**Activity**. In the listing that follows, retype every line from the first through the one containing "Это обсуждение предлагается". Pictures are to be left out.

**Records shown**.
━━━━━━━━━━━━━━━━━━━━━━━━━━━━━━
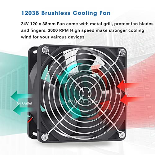GDSTIME Ventola da 120 mm 120 x 38 mm Ventola per computer 24 V Ventola 12038 PC Ventilatore da 12 cm DC Brushless Ventola di raffreddamento 125.1 CFM Big Air Flow Case Fan Cooler Per TV Box Console di gioco Router Xbox
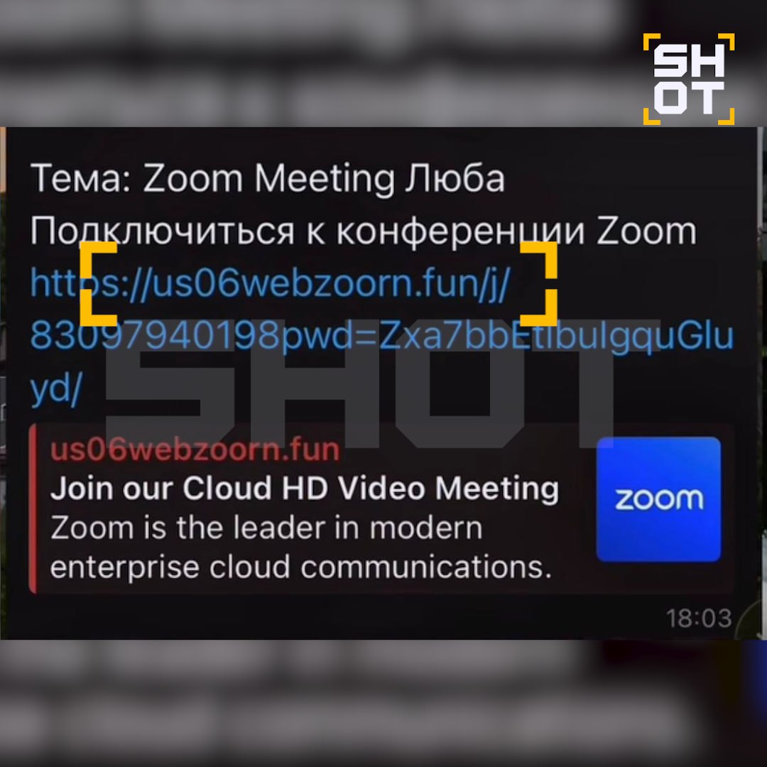 Это обсуждение предлагается вести в сервисе Zoom, для чего присылается ссылка для активации видеозвонка. Жертвы могут не разглядеть, что в слове Zoom вместо буквы m используются две буквы r и n, которые рядом друг с другом почти не отличаются от m. После перехода по этой фальшивой ссылке жертва попадает на фишинговый сайт в стиле настоящего интерфейса Zoom.
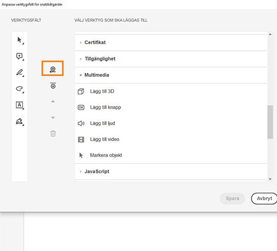 Verktygsfältet Anpassa snabbåtgärder öppnas.
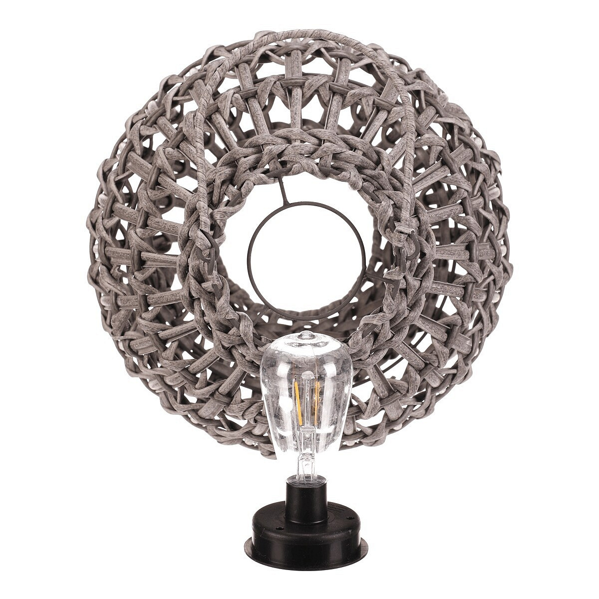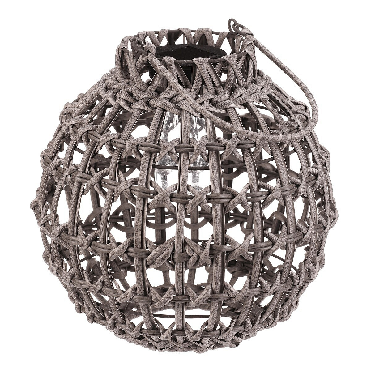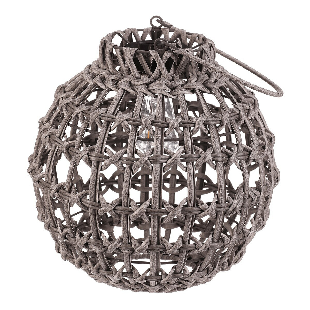 Lucerna - umělý ratan, kulatá, LED osvětl., vel. M, šedá
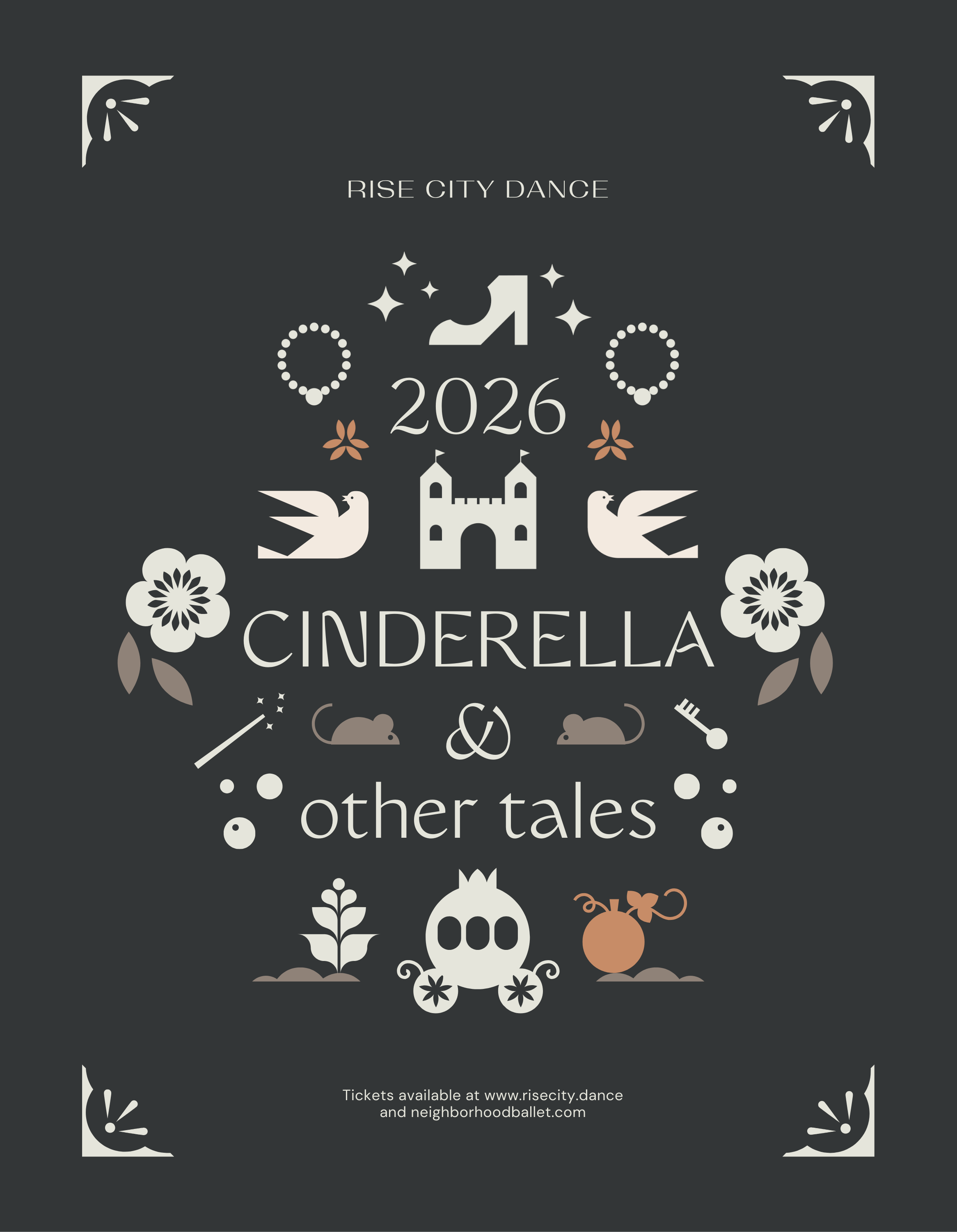 Cinderella and Other Tales invites audiences on a whimsical journey through dance, brought to life by an enchanting cast of more than 100 young dancers from Rise City Dance. This imaginative performance weaves together beloved moments and playful surprises. From hilariously mischievous stepsisters and enchanting woodland creatures to graceful fairies and a moonlit night at the ball, each scene unfolds with heart and artistry. At its center is Cinderella’s timeless love story, a tale of kindness, transformation, and hope that continues to captivate generation after generation.
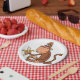 A mionkey sitting holding a banana ready to eat. This design looks really effective on this Paper Plates
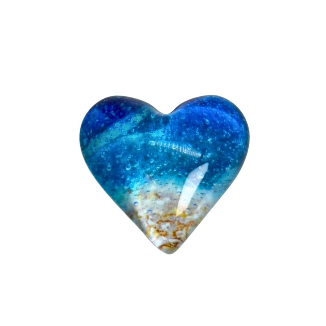 このハートストーンで、思い出はいつでもあなたと共にあります。 そのアクアブルーと砂浜の色は、ビーチの時代の思い出を想起させ、素敵な贈り物になるでしょう
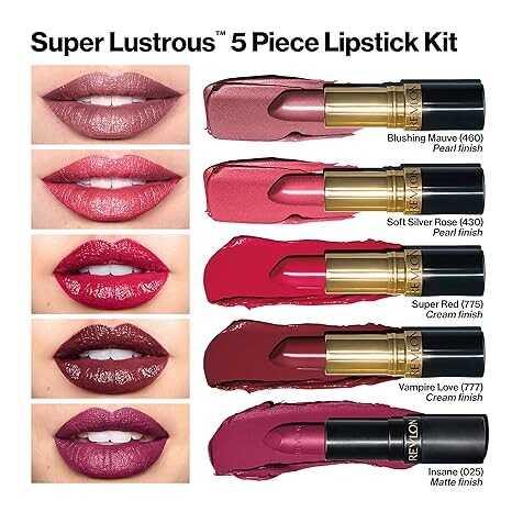 5 PIECE MULTI FINISH LIPSTICK KIT includes 460 Blushing Mauve (Plum/Berry pearl finish), 430 Soft Silver Rose (Pink pearl finish), 775 Super Red (Red/Coral cream finish), 777 Vampire Love (Plum/Berry cream finish)
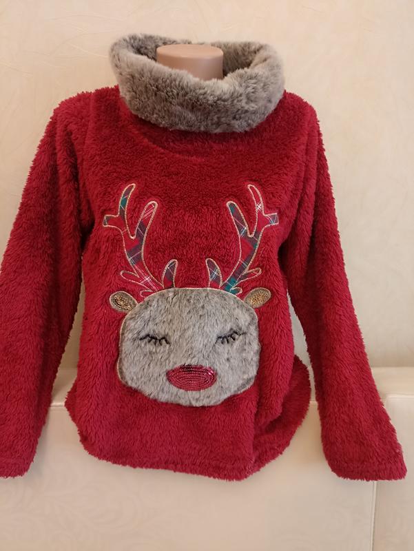 Женская теплая толстовка красного цвета с аппликацией оленя. Размер S
━━━━━━━━━━━━━━━━━━━━━━━━━━━━━━
**Result for this task**.
GDSTIME Ventola da 120 mm 120 x 38 mm Ventola per computer 24 V Ventola 12038 PC Ventilatore da 12 cm DC Brushless Ventola di raffreddamento 125.1 CFM Big Air Flow Case Fan Cooler Per TV Box Console di gioco Router Xbox
 Это обсуждение предлагается вести в сервисе Zoom, для чего присылается ссылка для активации видеозвонка. Жертвы могут не разглядеть, что в слове Zoom вместо буквы m используются две буквы r и n, которые рядом друг с другом почти не отличаются от m. После перехода по этой фальшивой ссылке жертва попадает на фишинговый сайт в стиле настоящего интерфейса Zoom.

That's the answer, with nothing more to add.